▶ Try it
Only the text is wanted; write out each record below exactly and exclude all pictures.
___ Material provided
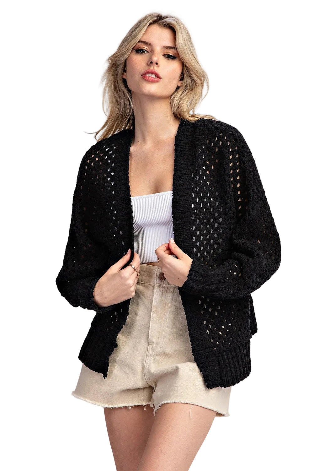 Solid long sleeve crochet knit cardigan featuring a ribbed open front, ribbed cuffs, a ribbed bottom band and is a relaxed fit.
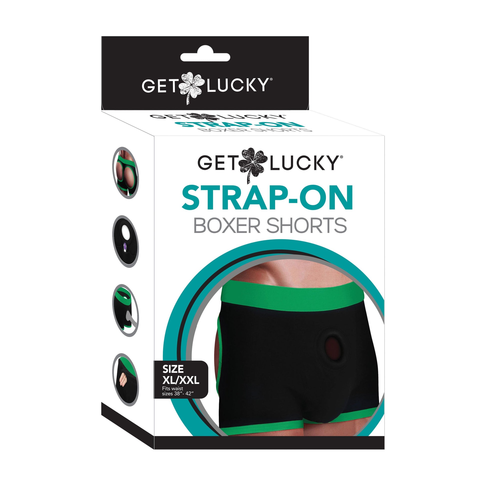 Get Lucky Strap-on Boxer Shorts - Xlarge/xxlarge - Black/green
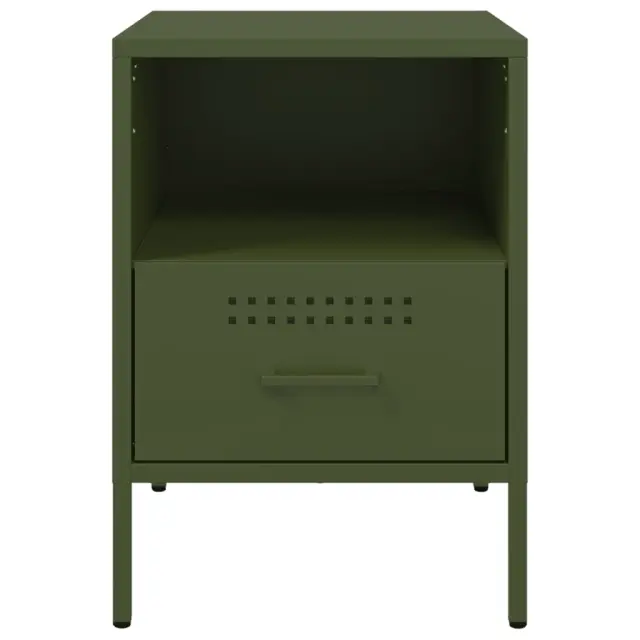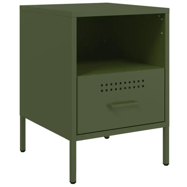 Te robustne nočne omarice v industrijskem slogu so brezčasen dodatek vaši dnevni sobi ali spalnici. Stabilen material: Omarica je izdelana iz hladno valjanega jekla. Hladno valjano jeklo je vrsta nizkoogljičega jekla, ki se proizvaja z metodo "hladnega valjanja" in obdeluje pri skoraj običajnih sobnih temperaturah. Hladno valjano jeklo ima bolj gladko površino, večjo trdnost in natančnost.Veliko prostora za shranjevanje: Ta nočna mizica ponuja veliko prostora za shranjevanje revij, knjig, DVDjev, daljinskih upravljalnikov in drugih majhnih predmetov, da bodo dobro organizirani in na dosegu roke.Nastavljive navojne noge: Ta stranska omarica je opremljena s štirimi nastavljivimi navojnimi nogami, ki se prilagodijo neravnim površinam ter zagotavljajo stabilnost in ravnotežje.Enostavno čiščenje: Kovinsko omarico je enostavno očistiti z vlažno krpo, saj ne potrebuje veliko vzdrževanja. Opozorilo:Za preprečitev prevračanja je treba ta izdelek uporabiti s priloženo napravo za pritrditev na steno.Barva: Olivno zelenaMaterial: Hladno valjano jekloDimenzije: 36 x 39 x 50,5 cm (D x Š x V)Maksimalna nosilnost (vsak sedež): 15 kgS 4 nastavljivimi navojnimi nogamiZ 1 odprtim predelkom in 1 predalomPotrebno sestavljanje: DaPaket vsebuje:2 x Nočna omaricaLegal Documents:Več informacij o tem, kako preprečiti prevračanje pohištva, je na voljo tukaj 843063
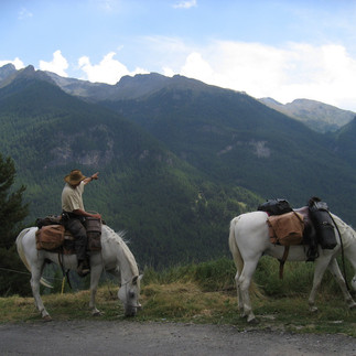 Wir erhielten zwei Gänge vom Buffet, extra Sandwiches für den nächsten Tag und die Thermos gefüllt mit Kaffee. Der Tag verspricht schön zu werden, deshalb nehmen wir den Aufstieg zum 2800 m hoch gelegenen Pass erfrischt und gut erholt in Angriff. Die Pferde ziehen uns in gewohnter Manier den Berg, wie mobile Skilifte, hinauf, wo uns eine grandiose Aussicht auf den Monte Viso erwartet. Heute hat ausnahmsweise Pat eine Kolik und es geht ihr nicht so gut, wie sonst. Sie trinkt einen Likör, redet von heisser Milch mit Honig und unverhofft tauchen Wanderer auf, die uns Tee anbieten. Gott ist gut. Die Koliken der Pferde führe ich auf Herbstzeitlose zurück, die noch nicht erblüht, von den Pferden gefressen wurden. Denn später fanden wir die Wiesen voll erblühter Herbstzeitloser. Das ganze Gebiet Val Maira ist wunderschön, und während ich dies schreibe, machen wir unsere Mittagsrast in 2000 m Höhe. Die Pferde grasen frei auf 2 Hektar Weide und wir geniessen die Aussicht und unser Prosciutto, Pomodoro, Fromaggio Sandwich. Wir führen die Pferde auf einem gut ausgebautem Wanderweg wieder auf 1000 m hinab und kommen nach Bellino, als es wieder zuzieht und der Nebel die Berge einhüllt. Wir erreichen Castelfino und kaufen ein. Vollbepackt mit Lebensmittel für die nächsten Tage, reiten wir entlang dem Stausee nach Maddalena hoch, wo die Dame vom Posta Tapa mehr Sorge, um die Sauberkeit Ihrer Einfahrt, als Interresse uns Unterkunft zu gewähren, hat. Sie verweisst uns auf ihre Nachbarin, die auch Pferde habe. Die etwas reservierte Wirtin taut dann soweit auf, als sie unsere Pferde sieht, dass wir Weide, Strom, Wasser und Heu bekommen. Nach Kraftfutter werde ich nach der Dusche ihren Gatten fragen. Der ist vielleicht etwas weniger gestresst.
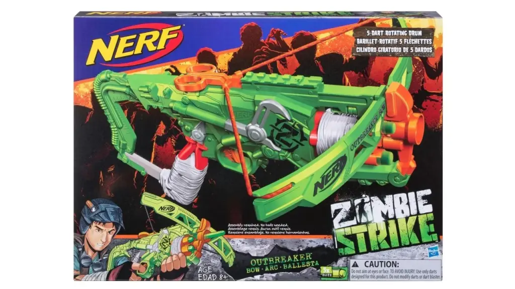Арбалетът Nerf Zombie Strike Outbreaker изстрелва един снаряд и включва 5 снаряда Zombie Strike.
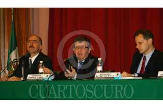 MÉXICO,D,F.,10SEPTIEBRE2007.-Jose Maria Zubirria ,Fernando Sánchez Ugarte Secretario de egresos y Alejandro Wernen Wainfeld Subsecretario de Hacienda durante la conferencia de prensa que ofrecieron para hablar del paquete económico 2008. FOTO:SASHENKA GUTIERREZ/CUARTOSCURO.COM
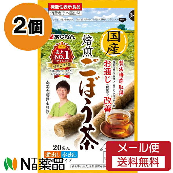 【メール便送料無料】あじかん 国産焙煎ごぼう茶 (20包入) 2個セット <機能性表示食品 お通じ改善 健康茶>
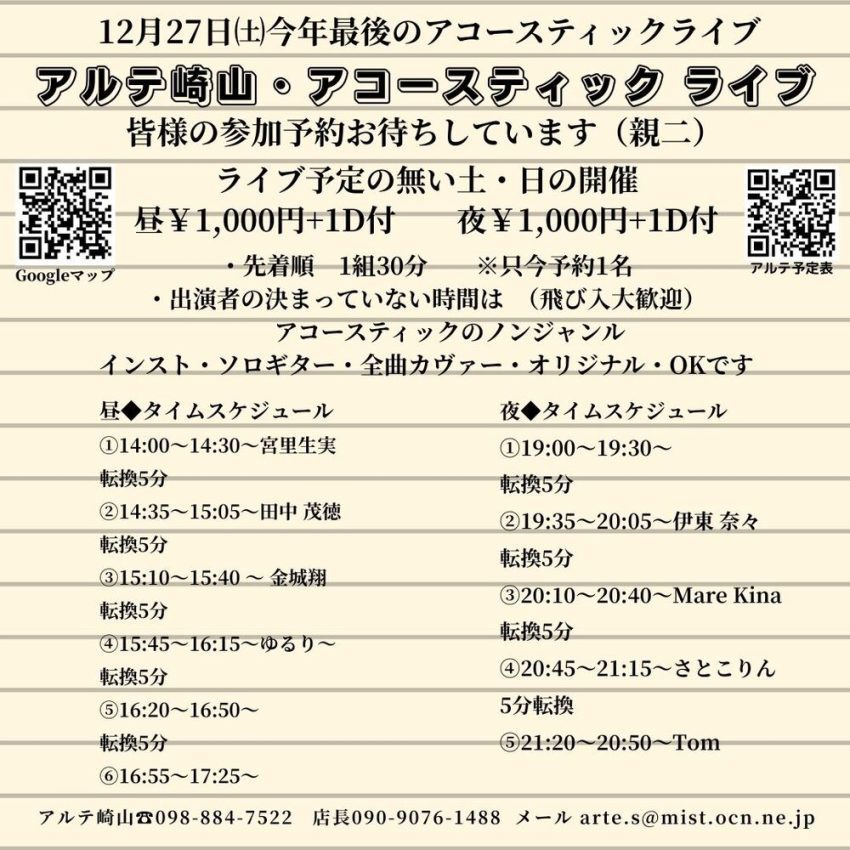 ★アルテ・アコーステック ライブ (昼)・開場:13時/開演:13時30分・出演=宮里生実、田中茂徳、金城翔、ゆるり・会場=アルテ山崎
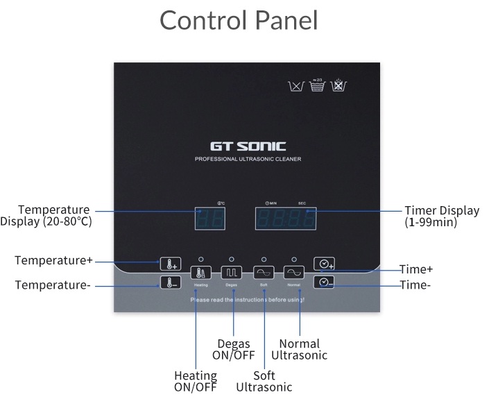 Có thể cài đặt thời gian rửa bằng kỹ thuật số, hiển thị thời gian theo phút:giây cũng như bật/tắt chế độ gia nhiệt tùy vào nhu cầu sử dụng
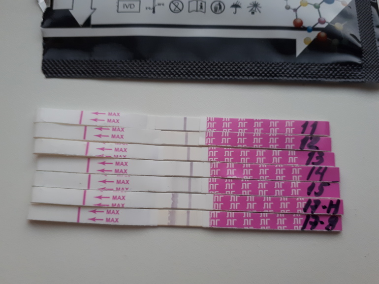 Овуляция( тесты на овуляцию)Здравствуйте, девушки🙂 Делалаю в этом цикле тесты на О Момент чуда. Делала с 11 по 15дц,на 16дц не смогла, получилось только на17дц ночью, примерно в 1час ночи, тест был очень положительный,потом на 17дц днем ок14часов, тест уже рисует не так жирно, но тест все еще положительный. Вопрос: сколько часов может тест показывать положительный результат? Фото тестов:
______
▶ The answer
 Solid long sleeve crochet knit cardigan featuring a ribbed open front, ribbed cuffs, a ribbed bottom band and is a relaxed fit.
 Get Lucky Strap-on Boxer Shorts - Xlarge/xxlarge - Black/green
 Te robustne nočne omarice v industrijskem slogu so brezčasen dodatek vaši dnevni sobi ali spalnici. Stabilen material: Omarica je izdelana iz hladno valjanega jekla. Hladno valjano jeklo je vrsta nizkoogljičega jekla, ki se proizvaja z metodo "hladnega valjanja" in obdeluje pri skoraj običajnih sobnih temperaturah. Hladno valjano jeklo ima bolj gladko površino, večjo trdnost in natančnost.Veliko prostora za shranjevanje: Ta nočna mizica ponuja veliko prostora za shranjevanje revij, knjig, DVDjev, daljinskih upravljalnikov in drugih majhnih predmetov, da bodo dobro organizirani in na dosegu roke.Nastavljive navojne noge: Ta stranska omarica je opremljena s štirimi nastavljivimi navojnimi nogami, ki se prilagodijo neravnim površinam ter zagotavljajo stabilnost in ravnotežje.Enostavno čiščenje: Kovinsko omarico je enostavno očistiti z vlažno krpo, saj ne potrebuje veliko vzdrževanja. Opozorilo:Za preprečitev prevračanja je treba ta izdelek uporabiti s priloženo napravo za pritrditev na steno.Barva: Olivno zelenaMaterial: Hladno valjano jekloDimenzije: 36 x 39 x 50,5 cm (D x Š x V)Maksimalna nosilnost (vsak sedež): 15 kgS 4 nastavljivimi navojnimi nogamiZ 1 odprtim predelkom in 1 predalomPotrebno sestavljanje: DaPaket vsebuje:2 x Nočna omaricaLegal Documents:Več informacij o tem, kako preprečiti prevračanje pohištva, je na voljo tukaj 843063
 Wir erhielten zwei Gänge vom Buffet, extra Sandwiches für den nächsten Tag und die Thermos gefüllt mit Kaffee. Der Tag verspricht schön zu werden, deshalb nehmen wir den Aufstieg zum 2800 m hoch gelegenen Pass erfrischt und gut erholt in Angriff. Die Pferde ziehen uns in gewohnter Manier den Berg, wie mobile Skilifte, hinauf, wo uns eine grandiose Aussicht auf den Monte Viso erwartet. Heute hat ausnahmsweise Pat eine Kolik und es geht ihr nicht so gut, wie sonst. Sie trinkt einen Likör, redet von heisser Milch mit Honig und unverhofft tauchen Wanderer auf, die uns Tee anbieten. Gott ist gut. Die Koliken der Pferde führe ich auf Herbstzeitlose zurück, die noch nicht erblüht, von den Pferden gefressen wurden. Denn später fanden wir die Wiesen voll erblühter Herbstzeitloser. Das ganze Gebiet Val Maira ist wunderschön, und während ich dies schreibe, machen wir unsere Mittagsrast in 2000 m Höhe. Die Pferde grasen frei auf 2 Hektar Weide und wir geniessen die Aussicht und unser Prosciutto, Pomodoro, Fromaggio Sandwich. Wir führen die Pferde auf einem gut ausgebautem Wanderweg wieder auf 1000 m hinab und kommen nach Bellino, als es wieder zuzieht und der Nebel die Berge einhüllt. Wir erreichen Castelfino und kaufen ein. Vollbepackt mit Lebensmittel für die nächsten Tage, reiten wir entlang dem Stausee nach Maddalena hoch, wo die Dame vom Posta Tapa mehr Sorge, um die Sauberkeit Ihrer Einfahrt, als Interresse uns Unterkunft zu gewähren, hat. Sie verweisst uns auf ihre Nachbarin, die auch Pferde habe. Die etwas reservierte Wirtin taut dann soweit auf, als sie unsere Pferde sieht, dass wir Weide, Strom, Wasser und Heu bekommen. Nach Kraftfutter werde ich nach der Dusche ihren Gatten fragen. Der ist vielleicht etwas weniger gestresst.
Арбалетът Nerf Zombie Strike Outbreaker изстрелва един снаряд и включва 5 снаряда Zombie Strike.
 MÉXICO,D,F.,10SEPTIEBRE2007.-Jose Maria Zubirria ,Fernando Sánchez Ugarte Secretario de egresos y Alejandro Wernen Wainfeld Subsecretario de Hacienda durante la conferencia de prensa que ofrecieron para hablar del paquete económico 2008. FOTO:SASHENKA GUTIERREZ/CUARTOSCURO.COM
 【メール便送料無料】あじかん 国産焙煎ごぼう茶 (20包入) 2個セット <機能性表示食品 お通じ改善 健康茶>
 ★アルテ・アコーステック ライブ (昼)・開場:13時/開演:13時30分・出演=宮里生実、田中茂徳、金城翔、ゆるり・会場=アルテ山崎
 Có thể cài đặt thời gian rửa bằng kỹ thuật số, hiển thị thời gian theo phút:giây cũng như bật/tắt chế độ gia nhiệt tùy vào nhu cầu sử dụng
 Овуляция( тесты на овуляцию)Здравствуйте, девушки🙂 Делалаю в этом цикле тесты на О Момент чуда. Делала с 11 по 15дц,на 16дц не смогла, получилось только на17дц ночью, примерно в 1час ночи, тест был очень положительный,потом на 17дц днем ок14часов, тест уже рисует не так жирно, но тест все еще положительный. Вопрос: сколько часов может тест показывать положительный результат? Фото тестов:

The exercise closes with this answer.